Women are stupid! Women can’t make decisions. They’re gullible. This narrative has run now for so long – like a never ending bad joke.
It’s run long enough that a lot of women too have internalised misogyny. They keep pulling themselves down, undermining their abilities, giving the reins of their life to someone else – most of the times a man who can make their decisions for them. What does that do for all of the women right now and in the future?
On the other hand- men have lived within stereotypes as well and come to believe that they don’t need to do certain things and have to DO other things to prove their manliness. Between us living by fixed rules, believing in stereotypes and gender roles, we’ve all become stupid. Time to change that?
Here Are Some Stupid Things Women Do:
1. Taking the burden of contraception on them: Condom use in India has declined 52% over eight years to 2016 and vasectomies have fallen by 73% – indicating greater reluctance among men to use birth control – according to Health Management Information System data. But the use of emergency contraceptive pills among women increased during the same period by over 100%.
Emergency pills are just to be used for emergencies. It’s not an alternative to long term contraception. But still many women pop these pills like candies like it’ll do nothing to their bodies. Can we push our partners to be more responsible towards contraception?
2. Dressing in uncomfortable clothes, trying to fit in beauty standards: Killing our feet with heels, wearing uncomfortable under wears, carrying huge bags that restrict our movements, wearing tight clothes. You know what I’m talking about. Why can’t we place an equal importance on comfort as we do on fashion?
3. Falling in love with stalkers: Well, this does happen in small cities. Sometimes. But come on, you’re better than that! Some guy stalked you, made you his even before you said yes. What does that tell you? Will such a person ever respect your agency, your ability, your decision to make choices for yourself? Does this guy even see you as an individual?

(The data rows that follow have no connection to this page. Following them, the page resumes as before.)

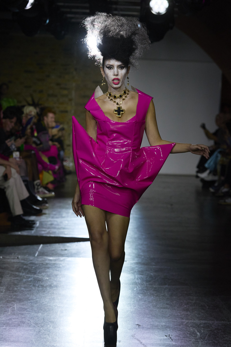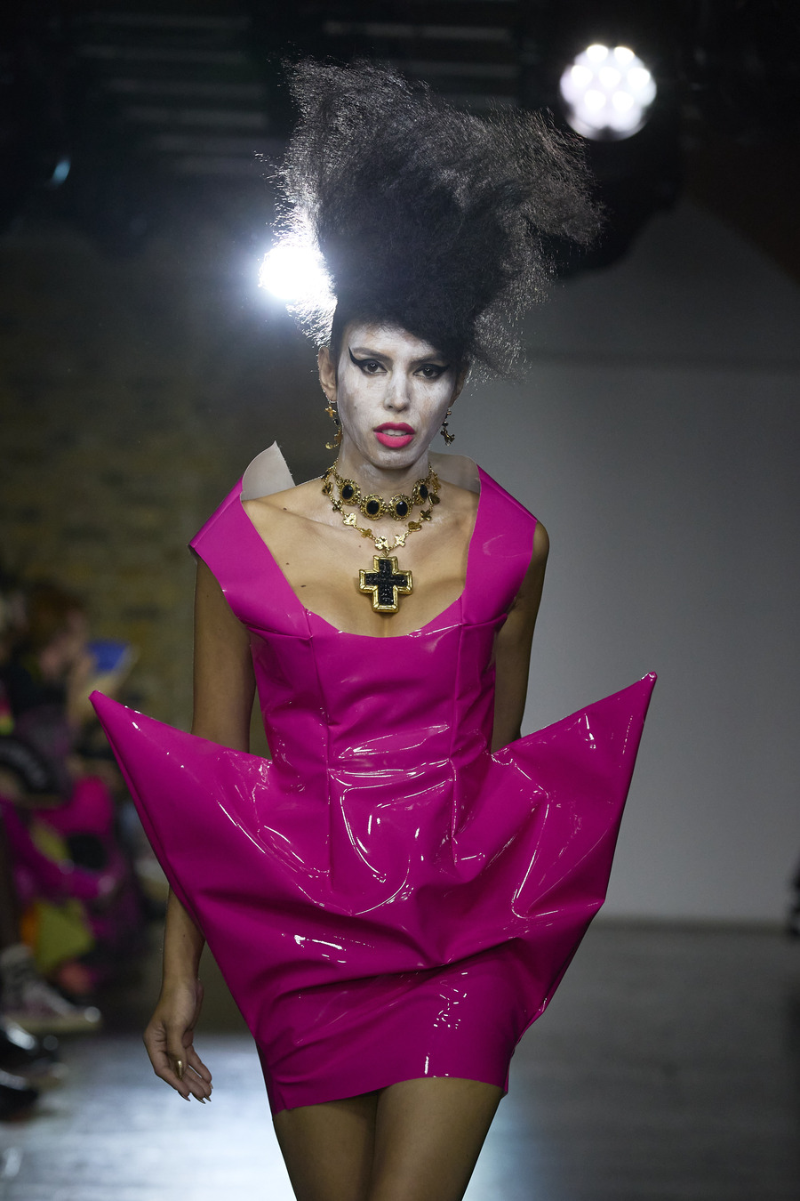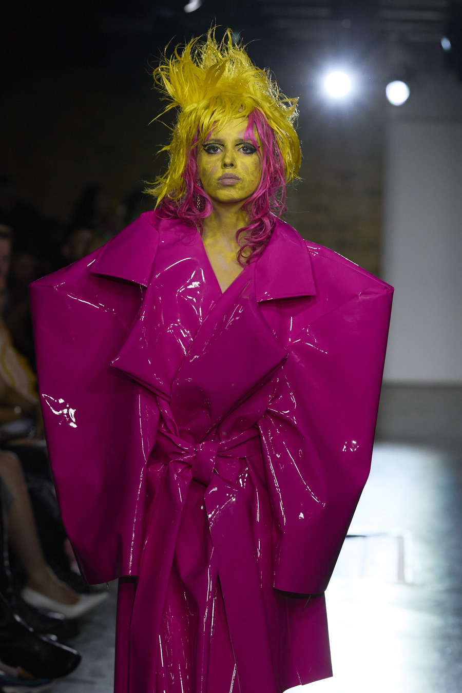 Amy Winehouse being a poignant figure of inspiration to this collection through the higher-than-sky hair and colourful co-ords. Some of the less-obvious references within the looks are Queen Elizabeth I, Cindy Sherman and Grace Jones through power shapes and opulent gold jewels designed in partnership with Era of Mystique.
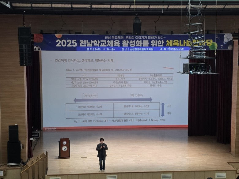 이날 한마당 행사에서는 교육연극 ‘선생님이 좋아서요’와 경북대학교 이규일 교수의 특강 ‘인공지능(AI) 시대 학교체육의 역할과 과제’가 이어져 교사들의 전문성과 미래교육 역량을 높이는 시간도 마련됐다.
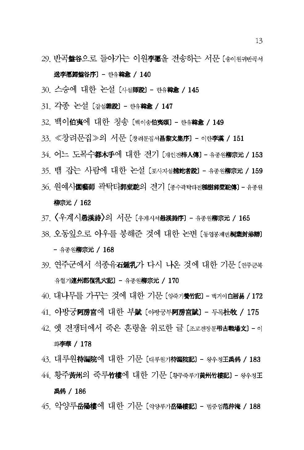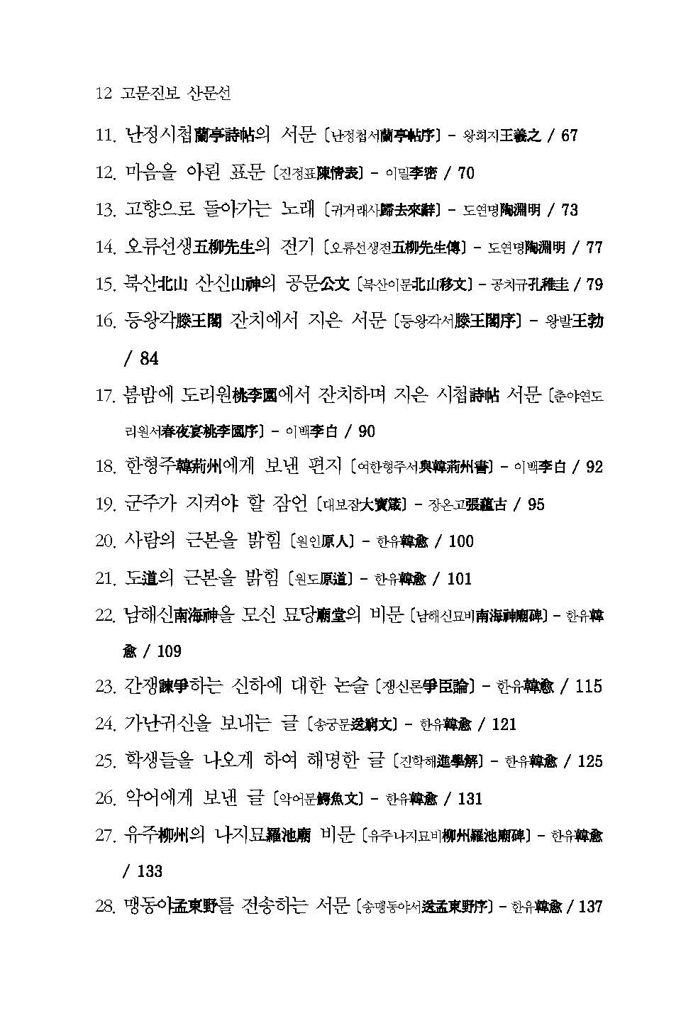 <주덕송酒德頌>을 읽으며 술 한 잔으로 잠시 인생의 시름을 잊기를 바라며, <귀거래사歸去來辭>를 통해 전원생활의 즐거움을 꿈꿔본다. <원인原人>과 <원도原道>를 보며 사람이란 무엇이며 도道란 무엇인지 철학적 사색에 빠져보다가, <적벽부前赤壁賦>를 읽으면 달빛 아래 뱃놀이를 즐기며 인생의 무상함을 느끼는 나 자신의 모습을 발견하지 않을까?
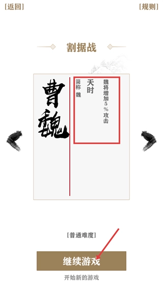 1、【割据战】玩法里,【曹魏】阵营拥有【天时】增益效果——魏将攻击提升5%,当前难度设定为【普通难度】,点击【继续游戏】按钮就能开启该局对战。
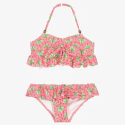 Girls lovely pink bikini by Mayoral, with green palm tree and geometric shape patterns. The top is lined and has a lovely bow on the front, wooden beads on the adjustable halterneck strap and a sweet ruched panel on the back. Silky smooth and stretchy, both pieces have matching ruffle trims for a sweet finishing touch.
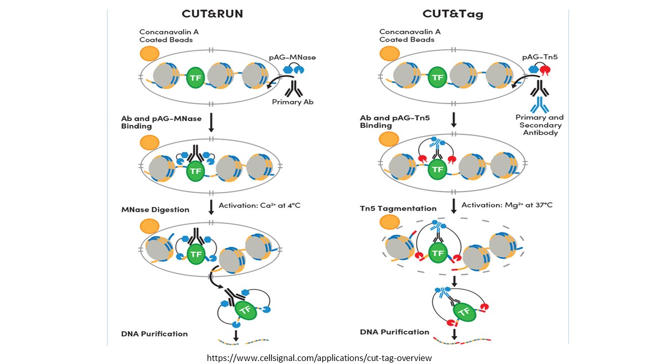 Ce protocole a été adapté pour les études sur cellules uniques et noyaux avec le CUT & Tag (Kaya-Okur, H.S. et al. 2020) qui utilise la pA-Tn5 qu’on peut indexer avec des adaptateurs. Son activation en présence de Mg++ entraine la tagmentation avec intégration des adaptateur dans l’ADN cible et ainsi évite l’étape de ligation dans la préparation de la banque pour le séquençage (voir figure)

4. Believing that they can change a toxic men/ self destructive person: YOU are not a therapist or psychologist (unless you have the credentials to show) so it is not your burden or responsibility to “fix” someone.
You are someone’s partner, but you’re also your own person. Of course, you should be there for them in their toughest moments and help them get through, but if things are beyond your control, what can you do? You’ve got to keep your mental health in check too right?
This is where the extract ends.